Edith hurried along beside Rafael, and Mrs. Sprague followed slowly into the courtyard of the palace, up the Giant's Staircase and through great rooms, until they came out upon a balcony overlooking the square which they had just left.
"Is it not lovely?" Rafael asked simply.
Without answering, Edith balanced her camera upon the railing of the balcony and snapped a picture of the two columns in the Piazzetta, near a landing place of the Grand Canal.
"Everyone in the United States knows that picture," she said, "and when they see that I have taken it, they will know that I was really here once."

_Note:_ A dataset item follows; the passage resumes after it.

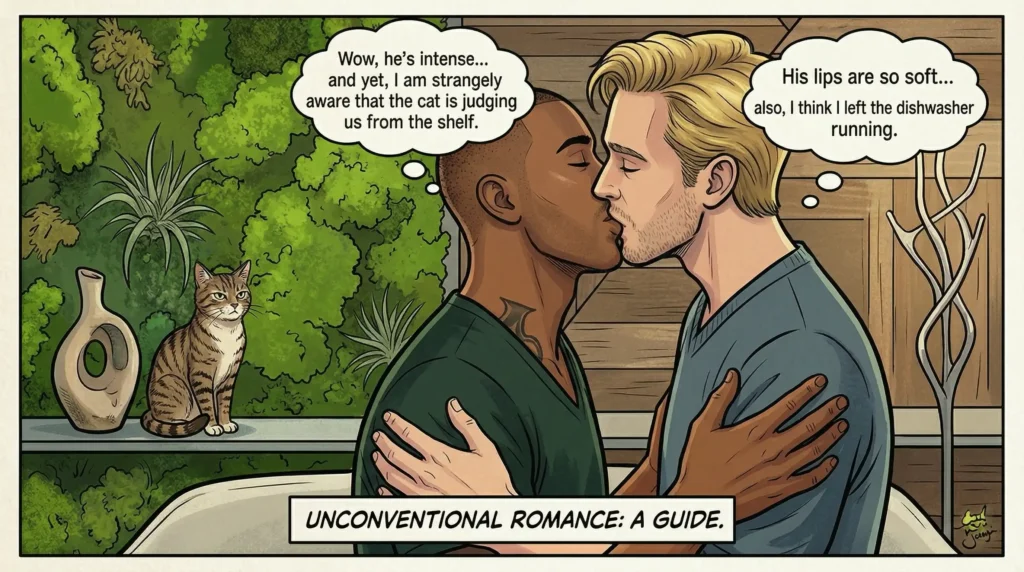 Adam had always imagined that his first kiss with Sterling would feel cinematic—soft lighting, perfect timing, maybe even a soundtrack. What he hadn’t accounted for was Sterling’s cat perched on the shelf behind them, staring down with the judgmental intensity of a tiny, furry philosopher.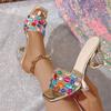 Mode Eilyken Sexy Camouflage Kristall Runde Absätze Damen Hausschuhe Sommer PVC Transparent Eckige Zehenpartie Bankett Party Pantoletten

"Is it that you will show it to everyone in the United States?" asked Rafael with interest.
Edith looked at him quickly, thinking that he was laughing at her; but as she saw that he was serious she answered, "Oh dear! no; only to my friends, who were glad to have me come to see Italy, so that I can tell them about it."
"Is that why so many people come to my country," he asked,—"to tell others about it?"
Edith laughed. "I came to buy a string of Venetian beads," she answered roguishly.
But the boy would not laugh in answer. "It may be that you will take away with you a more precious necklace than your glass one, if you will let me show you our wonderful pictures and buildings," he said.
It was a pretty speech, and the girl answered him with another. "You mean a necklace of memory pictures," she said. "Yes, I have begun to string such a necklace. My memory of St. Mark's Cathedral is one of the beads, and this splendid square is another. Then there is a bead for the moonlight on the canals, and one for the fluttering pigeons at their midday meal.".